Curry kisses
by xXxIchxLiebexLxXx
Summary: A girl loves Neji, just doesn't know how to say it. Maybe a little persuading from Ten-ten will help.


"Aah! Get that flea-bitten mutt away from me!"

"Aika, Akamaru won't hurt you, ya know? He's just a little guy."

"Little?! You call that beast 'little'?!" I'm Aika Kobayashi, and I'm ashamed to say that I have a huge fear of dogs. When I was little, I was walking in the street and the Inuzuka clan's huge pack of dogs came running and didn't stop. I was merely an obstacle they barged their way through. And ever since, I haven't liked to be closer than ten feet to a dog. It's also a given that Kiba and I don't get along too well.

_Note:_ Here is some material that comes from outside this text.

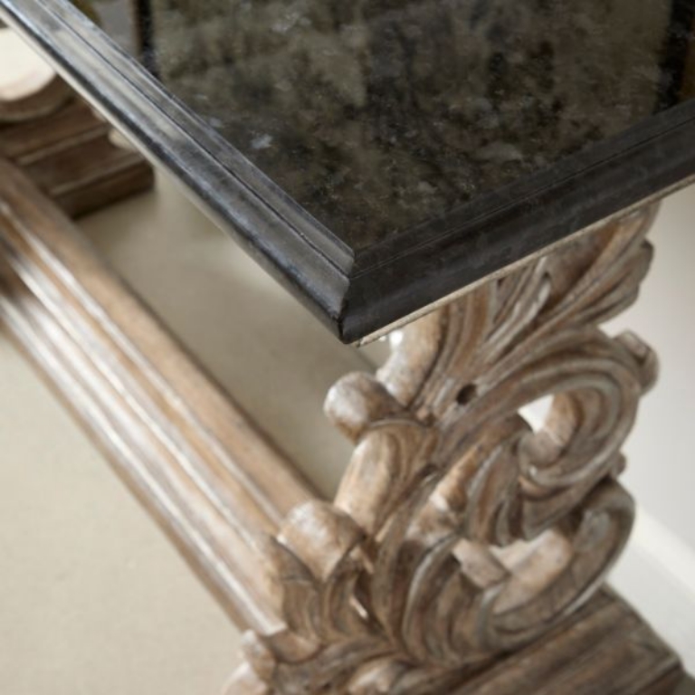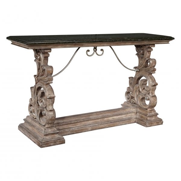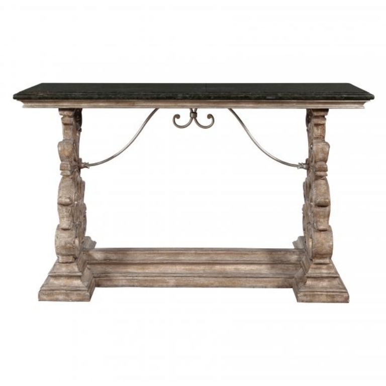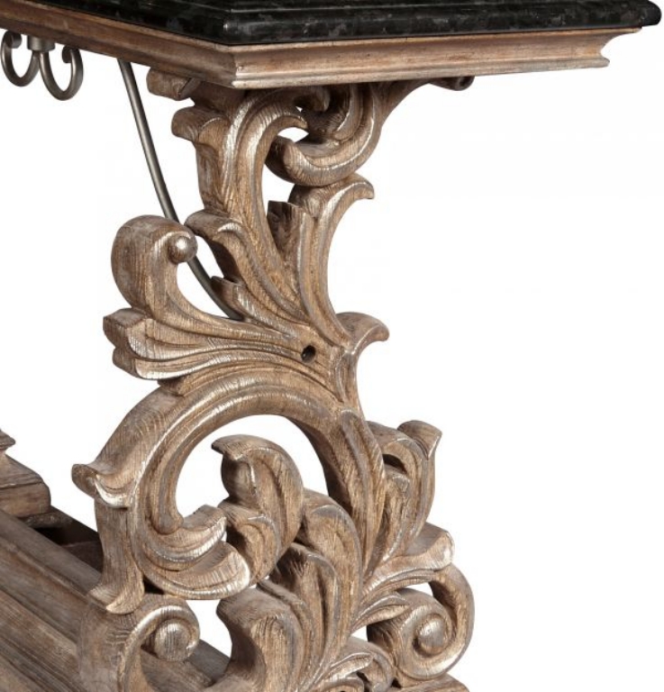 Intricate detail and exuberant design unite to create a luxurious piece in this Italianate-style marble top Console Table, featuring a black marble top with an ogee edge supported by a trestle base displaying detailed carving. An ornate metal stretcher exhibits beautiful scrollwork underneath the tabletop, adding more elegant detail to this piece. Whether used in an entry or behind a sofa, this marble-top console table can be an ideal addition to almost any room in your home, which could become an heirloom that lasts centuries.

I'm sixteen, and I'm quite serious for my age. A lot of the girls close to my age are girly, love boys, strawberry lip gloss, purple eye-shadow, being stick figure thin, and…boys. But I guess I'm not like those girls. I'm a straight-forward type of person, and I usually say what I'm thinking, even if it means that person's feelings get hurt. So it doesn't bother me that I'm insulting Akamaru.

But there is one aspect that I and the other girls of Konoha have in common: we have someone that we are attracted to. And for me, that person is Neji Hyuga. He's like me in a lot of ways, seriousness for one. And speaking our minds is another.

"He isn't little to me." Kiba smirked, and I tried hard to keep my emotions under check.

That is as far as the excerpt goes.